Time for Manchin to act on climate

By Eric Engle

Sep 27, 2021

West Virginia’s senior senator, Joe Manchin III, is certainly the talk of the town these days, so to speak. Or, perhaps, more like the talk of the world.

The only way that should be looked at positively is for all the sustained attention our state has been getting. Outside of the attention, well, Manchin, D-W.Va., is mostly failing us.

Those of us alive today are at a critical historical juncture. We’re alive at a time when humankind is facing our last, best hope to avoid climate catastrophe. I won’t go quite as far as columnist Paul Krugman in saying that Manchin alone may decide earth’s fate, but Manchin does hold a considerable amount of power at a time when policymakers like himself are tasked with making crucial decisions for virtually all of posterity.

I always flinch a bit when I read or hear someone say that we’re “destroying the planet” or that we need to “save the planet.” Earth itself will go on until such time as something on a cosmic scale, like our sun dying, occurs (an event predicted not to take place for billions of years yet).
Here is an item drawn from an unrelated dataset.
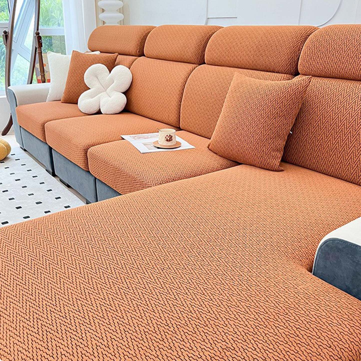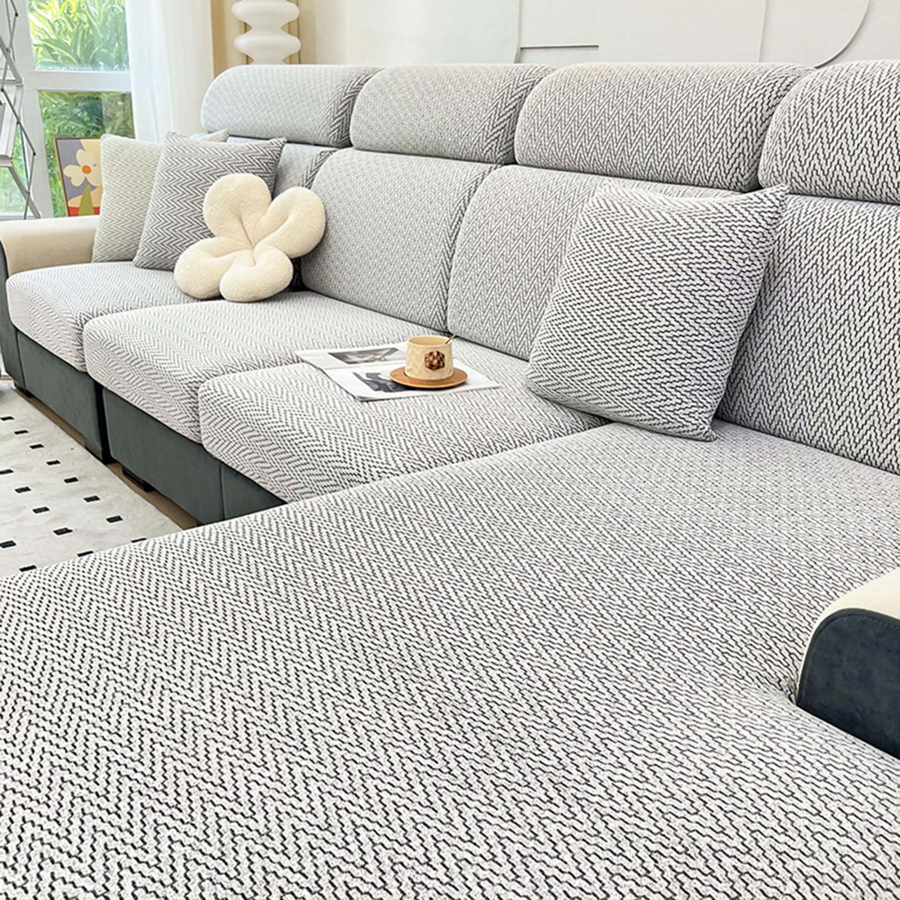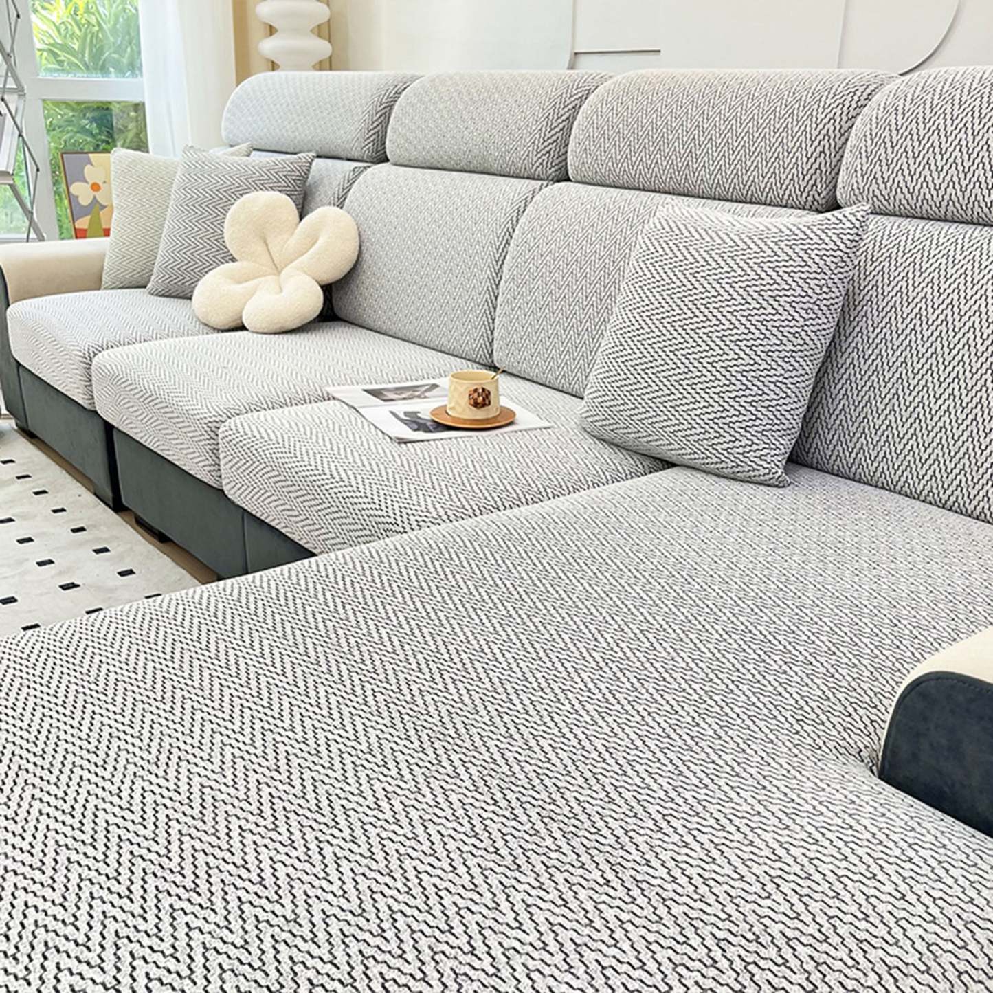 Protect and refresh your sofa with our UltraGrip Chevron Jacquard Stretch Sofa Cover. Crafted with premium jacquard knitting, the subtle chevron texture and clean lines create a refined, sculpted look while delivering all-around protection. The high-elastic fabric hugs every curve for a custom fit, and a dual anti-slip system keeps the cover steady—sit, lounge, or jump, it stays put. Tough yet soft, it resists daily wear and cat scratches so you spend less time tidying and more time relaxing.• Premium jacquard weave: dense, durable, and beautifully textured • Dual non-slip hold: stretchy wrap + textured backside for a stay-put fit • 360° full coverage: shields seats, arms, and back from fur and messes • Scratch-resistant fabric: helps deter claw snags and abrasion • Comfortable & skin-friendly: soft handfeel for everyday lounging • Easy on, easy off: slip on, pull tight—instant living-room upgrade • Machine washable: no fading, no shrinking, built for long-lasting use

Earth will find new equilibrium. What’s at stake is us and countless other species of flora and fauna on Earth as we know it. The existential crisis pertains to our existence. We’re destroying biodiversity and a habitable planet.

On Sept. 17, the U.N. Framework Convention on Climate Change released a report synthesizing what are referred to as the Nationally Determined Contributions of the signatories to the Paris Climate Accords ahead of crucial upcoming world meetings in Glasgow, Scotland. The UNFCCC found that, unless the world’s countries dramatically speed up the needed energy transitions to renewable energy and accelerate other climate-related policy changes, the world is on track to reach 2.7 degrees Celsius (nearly 5 degrees Fahrenheit) warming over a preindustrial baseline by the end of this century. This would be absolutely devastating.

Manchin and others are fond of arguing that we can’t afford a rapid transition to renewable energy and sustainability, especially in states like West Virginia. I beg to differ, and I’m not alone.

A recent study from the Institute for New Economic Thinking, at the Oxford Martin School at Oxford University, found that, “The belief that the green energy transition will be expensive has been a major driver of the ineffective response to climate change for the last forty years. This pessimism is at odds with past technological cost-improvement trends, and risks locking humanity into an expensive and dangerous energy future. … a greener, healthier and safer global energy system is also likely to be cheaper.”